Kompatible Arten: Grundeln, Riffbarsche, Schlammspringer und allgemein alle kleinen riffassoziierten Arten
Arten, die Vorsicht erfordern: Aggressive Riffbarscharten aus der gleichen Familie (wie die Blaue Chromis) und Kaiserfische (je nach Beckengröße)
Wichtige Punkte: Clownfische monopolisieren Wirtsanemonnen, daher ist die Haltung eines Paares pro Becken der Standard. Wenn Sie mehrere Paare halten möchten, benötigen Sie ein großes Becken von mindestens 120 cm und mehrere Anemonen.
Kompatible Arten: Grundeln, Falterfische und Anthias
Arten, die Vorsicht erfordern: Gleiche Arten und eng verwandte Arten; andere Kaiserfische mit ähnlicher Färbung
Wichtige Punkte: Kaiserfische sind extrem aggressiv gegenüber ihrer eigenen Art und eng verwandten Arten. Selbst in Becken von 90 cm oder größer birgt die Haltung von zwei Individuen der gleichen Art ein hohes Risiko. Befolgen Sie die „Regel des etablierten Bewohners" – führen Sie zunächst sanftere Arten ein und fügen Sie Kaiserfische zuletzt hinzu.
Kompatible Arten: Kaiserfische, Grundeln und Clownfische (Größenunterschiede beachten)
Arten, die Vorsicht erfordern: Gleiche Arten (obwohl einige koexistieren können) und Korallen (viele Arten fressen Korallen)
Wichtige Punkte: Viele Falterfischarten fressen Korallen und sind für Riffbecken ungeeignet. Sie werden am besten in reinen Fischbecken gehalten.
Kompatible Arten: Fast alle Meeresfischarten (aufgrund ihrer friedlichen Natur)
Arten, die Vorsicht erfordern: Raubtiere (wie Rotfeuerfische und große Muränen)
Wichtige Punkte: Am Boden lebende Grundeln können mit Schmerlen und anderen Grundeln konkurrieren, die den gleichen Bodenraum teilen. Pistolengarnel-Grundeln zeichnen sich durch ihre symbiotische Beziehung mit Pistolengarnelen aus.
Kompatible Arten: Arten, die die mittleren und oberen Wasserschichten bewohnen
Arten, die Vorsicht erfordern: Gleiche Arten und eng verwandte Arten; kleine Krebstiere (wie Garnelen)

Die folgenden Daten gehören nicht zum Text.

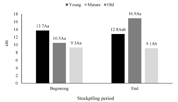 Old tillers occurred in greater numbers in the stockpiled canopy, when compared to young and mature ones (Table 2). When stockpiling pasture is adopted, the forage plant remains in free growth, and its development stage is not interrupted by grazing. Thus, the tillers reach older ages. In addition, if the stockpiling period is too long, there is less new tiller appearance and there is also a greater number of tiller dead in the canopy (Alves et al., 2019).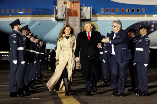 도널드 트럼프 미국 대통령과 멜라니아 여사가 16일(현지시간) 영국 런던 인근 스탠스테드 공항에 도착했다. 트럼프 대통령의 영국 국빈방문은 2번째다. 로이터=연합뉴스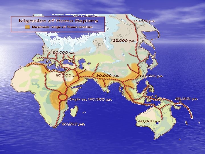 Conclusion • DNA sequencing and fossil evidence shows that modern humans originated in Africa and migrated north out of African, then eventually to the rest of the world. • Oldest fossils of modern humans are found in Africa dating around 160, 000 years old.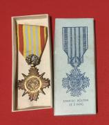 This Viet Nam made second class Honor Medal is in the original box. The manufacturers name and Saigon address and logo is printed on the inside of the cover. The French style mounting pins is missing.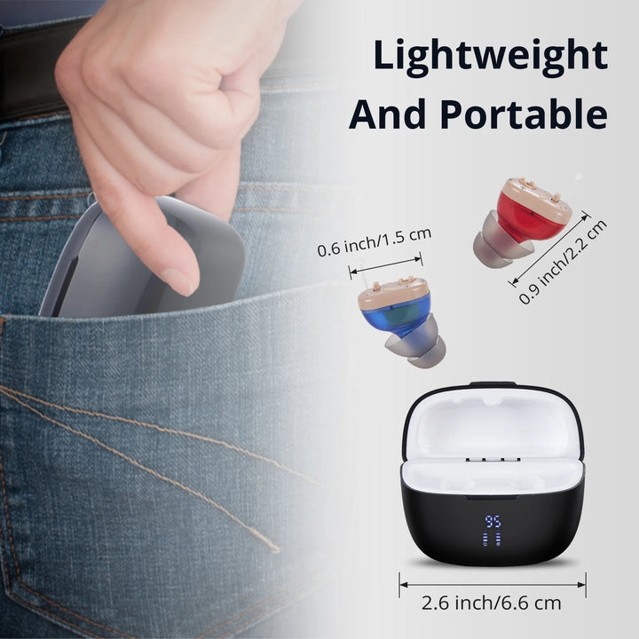 The hearing aids are ultra-lightweight and virtually invisible, with 6 silicone ear domes (3 sizes included) for a secure, irritation-free fit.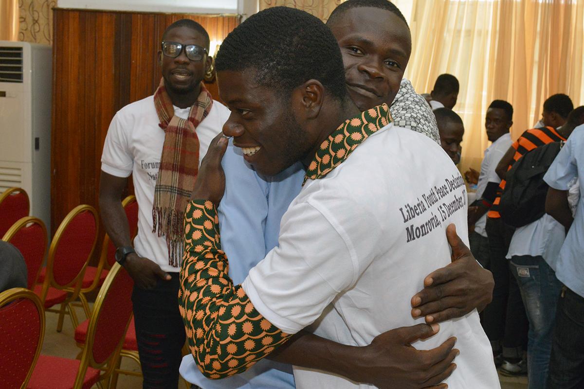 15 November 2017, Monrovia - Friendly hugs between members of Youth Political Party National Youth League at the signing of the Liberian Youth Peace Declaration. ©UNMIL Photo: Shpend Bërbatovci
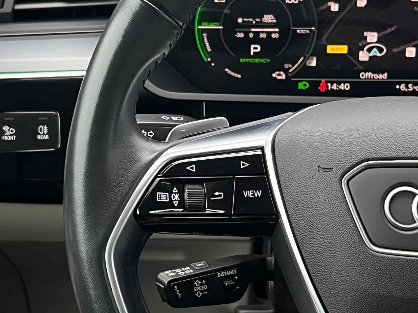 U voelt de onbeperkte kracht van elektrische aandrijving, elke keer als u op weg gaat met deze Audi e-tron. Het is een auto uit 2020, hij heeft 119481 kilometer gelopen. Schoon, stil en fiscaal vriendelijk: met de elektromotor is het zuinig zoeven! De elegante lijnvoering wordt versterkt door subtiele S-Line styling details. De krachtige motor geeft deze Audi uitstekende prestaties. Een fraai lederen interieur, dat in daglicht baadt dankzij het elektrisch bediende glazen panorama dak. En voor 'handsfree' in- en uitladen vindt u aan de achterzijde de elektrisch bedienbare achterklep. Laat de kou maar komen! U zit altijd goed met de heerlijke stoelverwarming. Ribbels en hobbels in de weg worden royaal gladgestreken door de aanwezige luchtvering. Tot de voorzieningen van deze auto behoren 20 inch lichtmetalen velgen, LED koplampen, adaptief dempingsysteem, warmtewerend glas, in delen neerklapbare achterbank en LED-achterlichten.
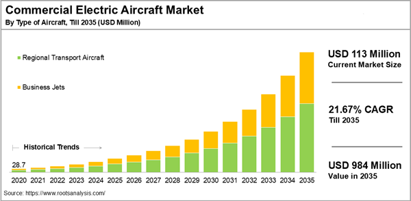 Dublin, Oct. 02, 2025 (GLOBE NEWSWIRE) -- The "Commercial Electric Aircraft Market Industry Trends and Global Forecasts to 2035: Distribution by Type of Aircraft, Type of Flying Range, Type of Power, Type of Propulsion, Type of Technology, Area of Application and Geographical Regions" report has been added to ResearchAndMarkets.com's offering.
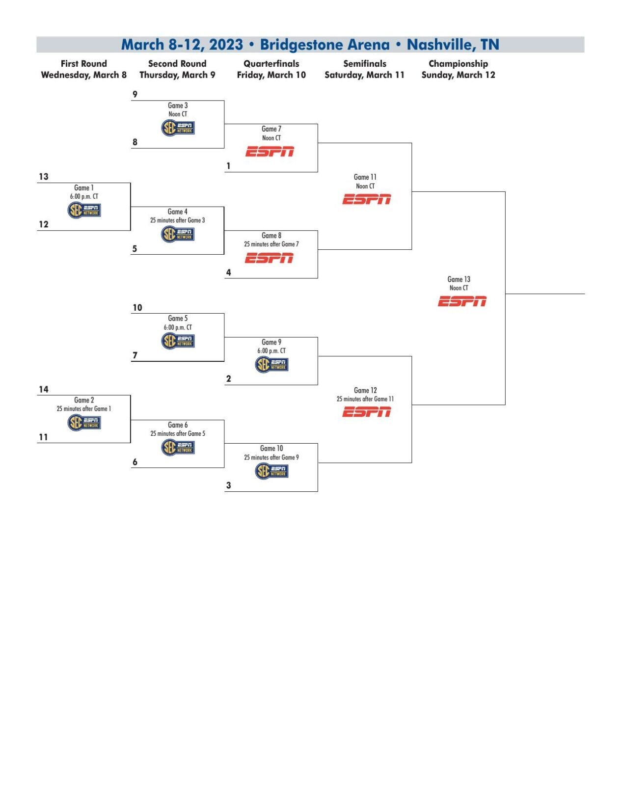 Sec Men Basketball Tournament Bracket Printable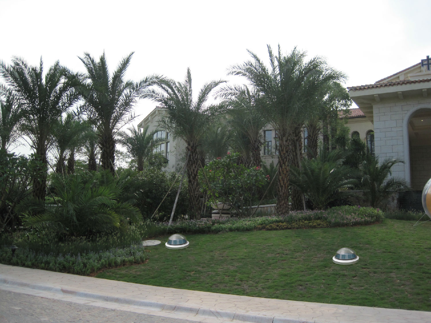 美林湖商業(yè)街的營銷中心前面的草地上,可以看見有幾個(gè)低調(diào)又不失優(yōu)雅的采光罩,高透光的類特警盾牌PC材料做成的采光罩旁邊有銀白色的鋁圈裝飾。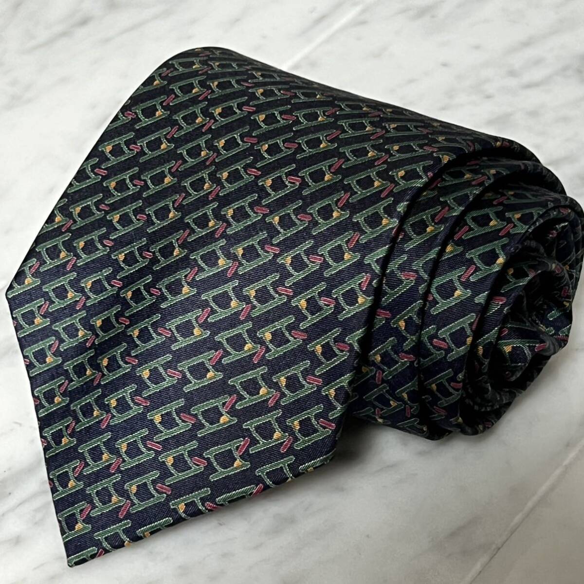 - 【未使用に近い】 770円~ ジムトンプソン ネクタイ ネイビー グリーン パターン柄 (B3)

Wichtige Punkte: Viele Lippfischarten fressen Krebstiere (Garnelen und Krabben). Wenn Sie Garnelen halten möchten, schließen Sie entweder Lippfische aus oder beschränken Sie sich auf nicht-räuberische Arten wie Putzerlippfische.
Die goldene Regel ist, zunächst friedliche Arten einzuführen und aggressive Arten zuletzt hinzuzufügen. Sobald etablierte Bewohner Territorien gebildet haben, hilft das nachträgliche Einführen von Neuankömmlingen, das territoriale Bewusstsein der etablierten Bewohner zu verringern.

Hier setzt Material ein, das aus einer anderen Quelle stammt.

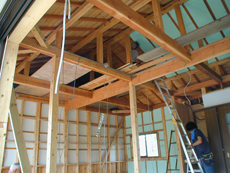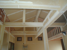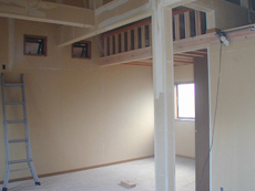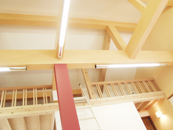 「倉庫 ロフト」 ロフトは杉の化粧梁に杉で加工した手摺りを取り付け、ポイントにしました。 |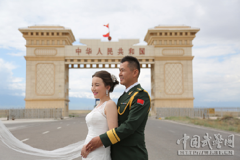 At the border between China and Kazakhstan, Mulati, an ethnic Kazakh police officer at the Dulata border inspection station, has a romantic wedding with his bride Senbati, who is also ethnic Kazakh, on May 28, 2015. (Photo/wj.81.cn)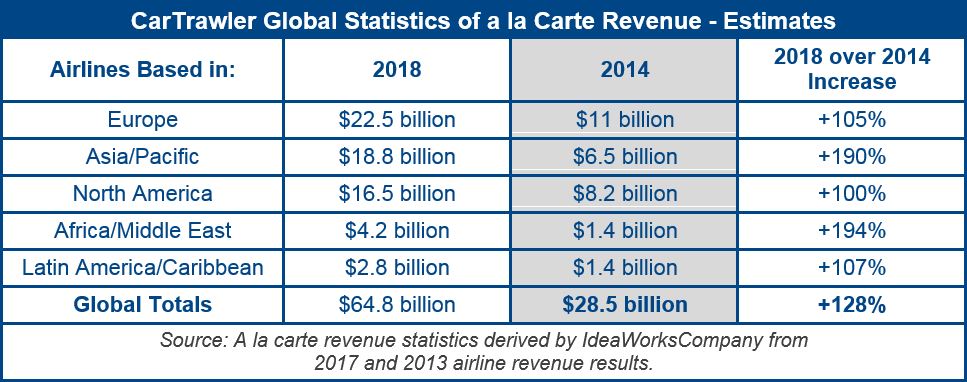 European Airlines Lead 2018 a la Carte Revenue Estimate at $22.5 Billion with Asian Carriers 2nd at $18.8 Billion – CarTrawler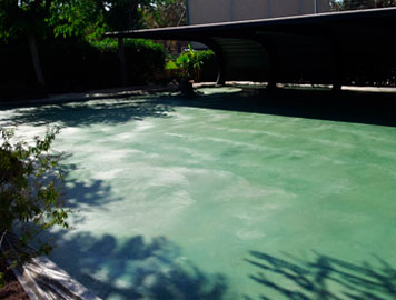 El pavimento de Hormigón desactivado consiste en la aplicación de un producto quimico desactivante aplicado en la superfiice de hormigón y lavado posteriormente con chorro de agua a presión para dejar el arido visto.

Idealerweise folgen Sie einer Einführungsreihenfolge wie: Riffbarsche/Grundeln → Clownfische → Falterfische → Kaiserfische.

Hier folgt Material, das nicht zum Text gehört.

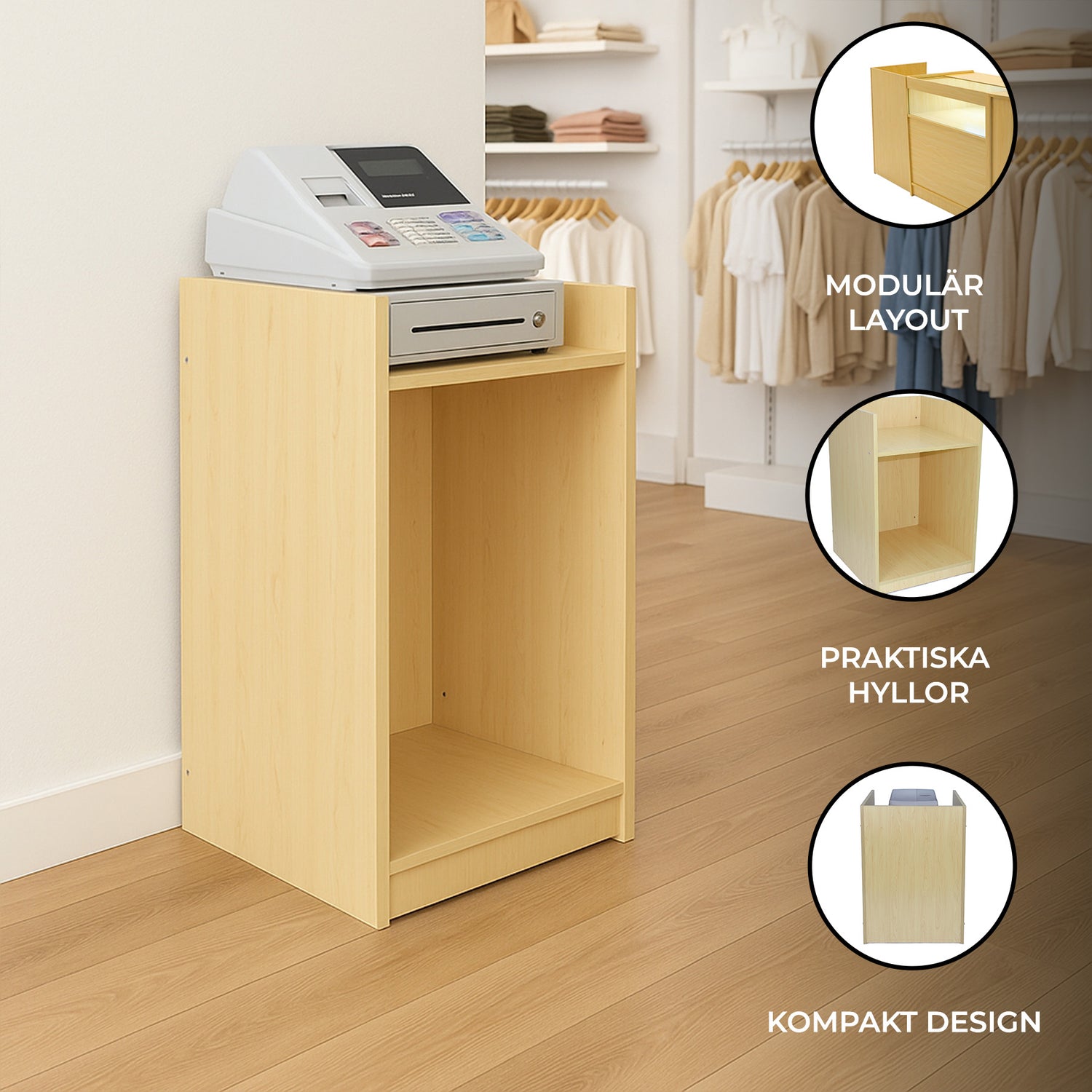 Den ergonomiskt inbyggda övre hyllan är utformad för att placera din kassaapparat och kortterminal på en bekväm höjd, vilket håller viktiga enheter säkra och lättillgängliga. Under finns ett rymligt förvaringsutrymme som ger plats åt allt från påsar, kassapappersrullar och presentpapper till personliga tillhörigheter. Du kan till och med placera en liten papperskorg diskret för att hålla området snyggt och fritt från skräp, vilket bidrar till ett rent och prydligt butiksklimat.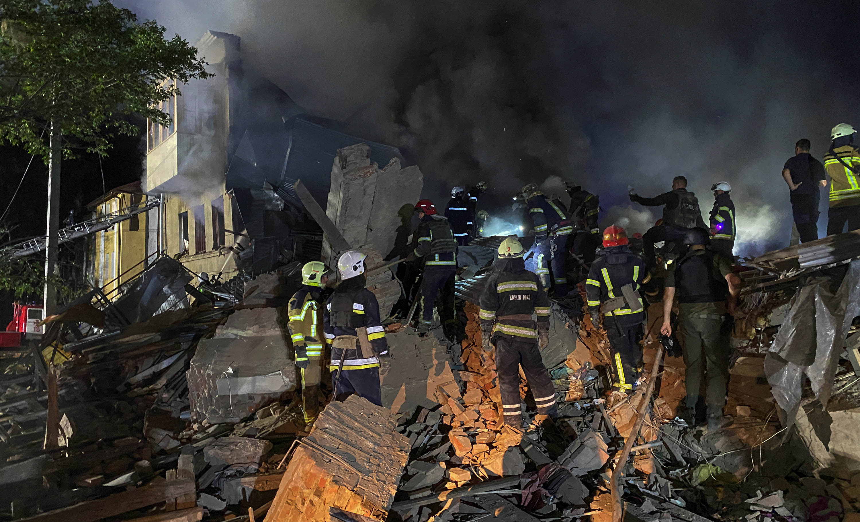 В Слободском районе ракета попала в трамвайное депо, разрушенными оказались ремонтный цех и четырехэтажное общежитие, стоявшие вплотную друг к другу. Погибли три человека. 18, в том числе 13-летние мальчик и девочка, получили ранения. Спасатели продолжают разбирать завалы. В Холодногорском районе ракета попала по дому культуры. Начался сильный пожар общей площадью 4 200 квадратных метров, сообщает областная прокуратура. Она завела дело по статье о законов и обычаев войны с умышленным убийством.
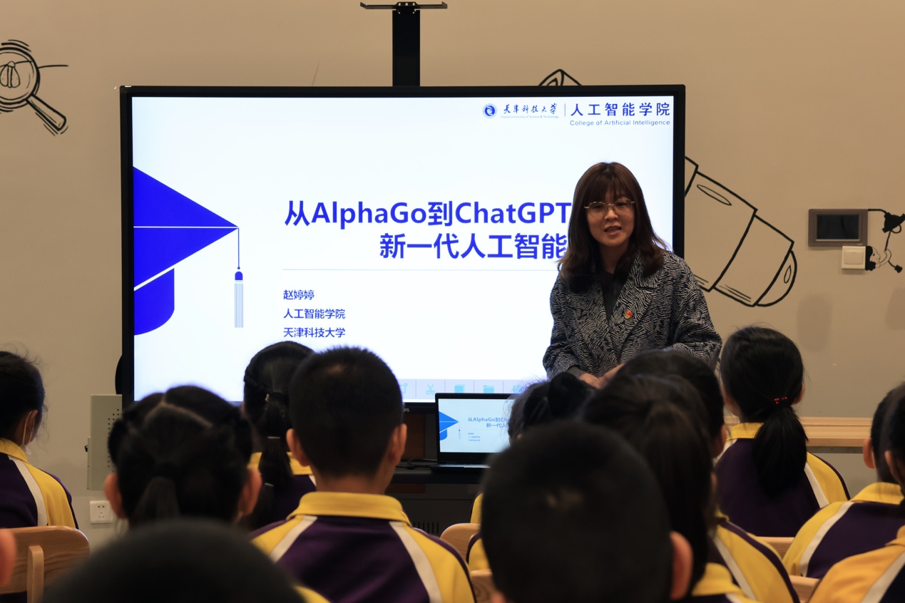 活动开始,师生在滨海科技馆优秀讲解员的带领下参观了滨海科技馆,随后在教室内,气氛活跃,小朋友们徜徉在科技知识的海洋中,“老师,ChatGPT是什么?”“老师,给我们讲讲元宇宙吧!”,人工智能学院副教授赵婷婷老师和研究生石金玉同学分别以“从AlphaGo到ChatGPT:新一代人工智能革命”,“身临其境汲取奋进力量,科技创新助力美好生活”为主题,给大中小学生们上了一堂生动有趣的ChatGPT和VR的科普思政课,深入浅出、引人入胜的讲解吸引了同学们的注意力。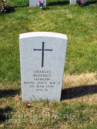 | Charles Benedict Hanlon Royal Navy WW II 20 Mar 1996 Age 81 |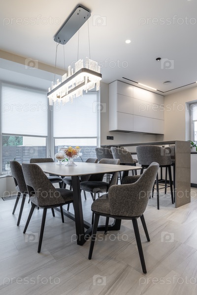 Роскошное обеденное пространство с мраморным столом, серыми обитыми стульями и потрясающей хрустальной люстрой. На заднем плане белая минималистская кухня и большие заливные окна с плиссированными жалюзи создают яркую современную атмосферу

Der Erfolg der Mehrartenvergesellschaftung hängt stark von der Beckengröße ab. Eine grobe Richtlinie für das benötigte Wasservolumen pro Fisch ist ungefähr „Körperlänge (cm) × 10–15 L". Wenn Sie aggressive Arten einbeziehen, wählen Sie ein großzügig dimensioniertes Becken.
Das Schaffen von Hindernissen mit Lebendgestein oder künstlichem Stein, um Sichtlinien zu blockieren, verhindert, dass schwächere Individuen in die Enge getrieben werden. Das Vorhandensein von „Fluchtrouten" verringert die Intensität von Konflikten.
Sie könnten versucht sein, „einfach noch einen hinzuzufügen", aber das Erhöhen der Anzahl der Fische macht es leichter, dass das Ökosystem aus dem Gleichgewicht gerät. Die Aufrechterhaltung einer moderaten, angenehmen Anzahl von Fischen ist der Schlüssel zum langfristigen Erfolg.
Die erfolgreiche Mehrartenvergesellschaftung von Meeresfischen hängt von sorgfältiger Planung ab. Bevor Sie Fische einführen, recherchieren Sie die Ökologie und Kompatibilität jeder Art und entwerfen Sie sorgfältig Ihre Beckengröße, Einführungsreihenfolge und Anzahl der Individuen. Bei Br-choku können Sie Individuen auswählen, während Sie mit Spezialistenzüchtern konsultieren, und erhalten dabei auch Ratschläge zu kompatiblen Paarungen.